If he's not supporting you at all and you only see him twice a year, then you have to address the ways his views of you resonate with you. Maybe his negative voice echoes through your mind because you've been hearing it since you were small. Maybe you have a complicated relationship with him that colors all of your other relationships. And maybe there's a grain of truth to what he says, at least in your mind. Because you've been working in a field you don't like, you've underperformed and suffered from your own bad attitude. Part of you is worried that this is just who you are. Part of you is worried that he sees you more clearly than you can see yourself.
Remember, though, that when you haven't succeeded at anything yet, it's incredibly hard not to define yourself as a failure. Everyone feels that way when they're still figuring out what they really want to do with their lives. Everyone is haunted by the idea that it might not work out, that they might fail specifically because of some major flaw in their character. Hell, most people are haunted by this idea even AFTER they succeed at their careers! If pretty much anyone I've known for a long time told me, "Well, you're a successful writer, sure, but you're still the same wishy-washy jackass you always were," part of me would believe every word.
That's true in part because every writer is at least 5 percent wishy-washy jackass. It's in our nature. But it's also true that most people are highly suggestible, identity-wise, no matter how empowered and centered and balanced we might be. If a flying hamburger appeared to me and told me that I was the worst person alive, part of me would believe that. And then if a rat in a speedboat appeared and told me that I am changing the whole world with my incredible spirit and my incomparable work ethic and my shiny, brilliant soul, I would believe that, too. It's hard not to believe what other people tell you, at any age, no matter how bitter or optimistic or utterly imaginary they are. It's challenging to look deep within, at your own heart, to find your own answers. It's tough to trust those answers even when you do find them.
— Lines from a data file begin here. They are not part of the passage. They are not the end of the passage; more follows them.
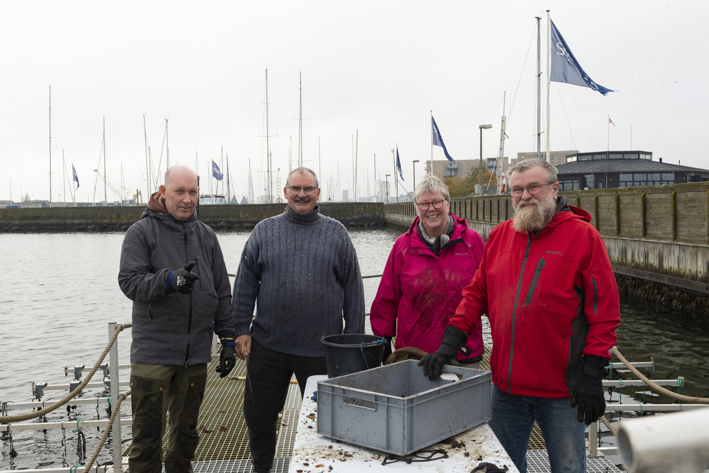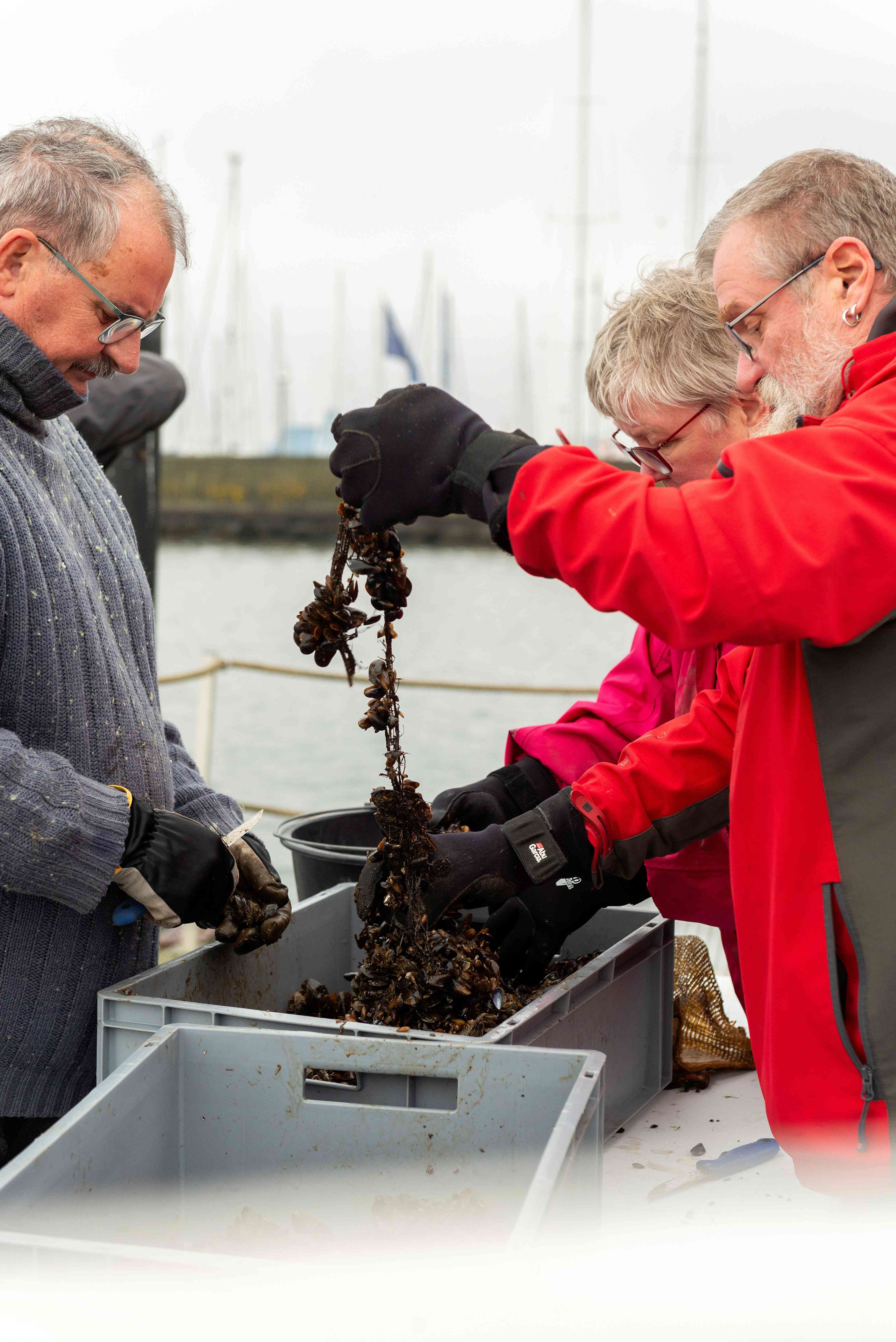 De er alle en del af Horsens Fjordhave, som til dagligt dyrker blåmuslinger på liner i Horsens Lystbådehavn.
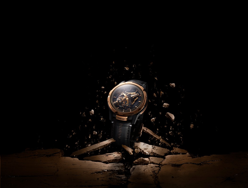 Il segnatempo Freak S è proposto nell’edizione limitata di 75 orologi, di cui solo 40 verranno prodotti nel 2022. Ciascun orologio è accompagnato da un cinturino di alligatore e decorato con un taglio Sport di color oro rosa. È dotato di un sistema di chiusura automatico in titanio DLC che si apre con un solo click. Anche la fibbia, grazie ad un sistema brevettato a tripla fibbia déployante SYNC, si apre con un semplice click. Incredibilmente semplice, con la sicurezza di avere una soluzione alternativa.
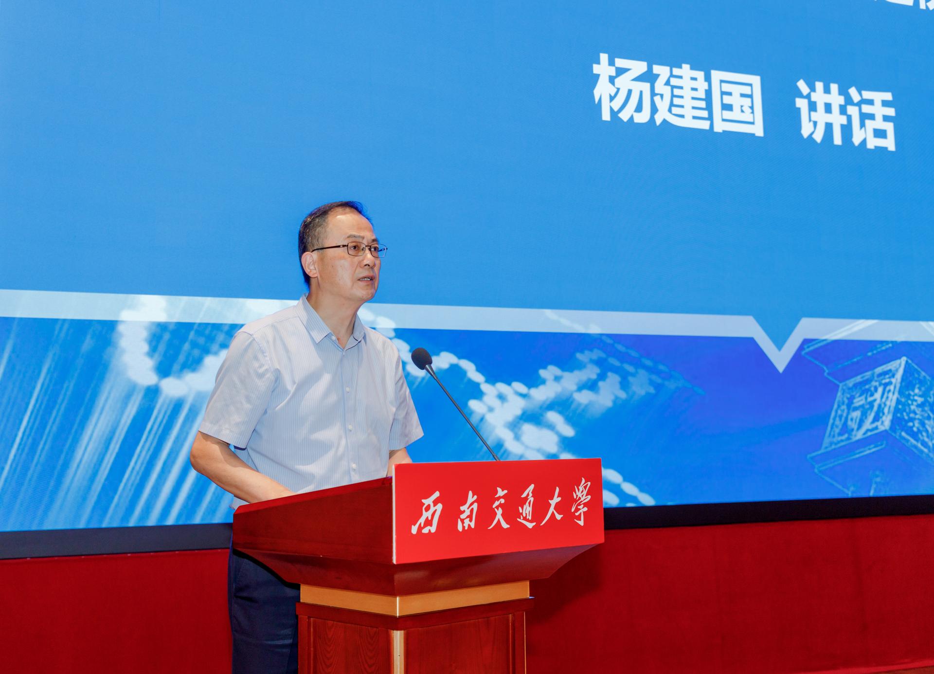 开幕式上,杨建国最后发表了讲话。他代表四川省教育厅向大会的召开表示祝贺,充分肯定了西南交通大学近年来在研究阐释中国共产党人精神谱系,并将其融入思想政治教育工作方面做出的突出贡献,指出要进一步提高政治站位,强化使命担当,要充分发挥好西南交通大学作为教育部大中小学思政课一体化建设共同体(四川)牵头单位的作用,立足四川省情,推动一体化融入,建设中国共产党人精神谱系育人的高地,打造四川样板,形成四川经验,彰显四川特色。

This is your moment to look deep within and trust yourself. This moment IS a gift. I would not hesitate. I would throw yourself into your brand-new path, with all of your energy. There's no need to balance your father's voice against your own. You're an adult and you know what you're doing.
Why not trust yourself more than anyone else? Who lives inside of you? Who knows your sorrows and your struggles and your joys better than you? Who reaps the benefits and pays the costs of your choices? YOU are the decider! Make a commitment to yourself right now. Resolve to listen to your heart and trust yourself from this moment forward. Go get a bucket of gold paint and paint it across the wall of your living room: I AM THE BOSS OF ME.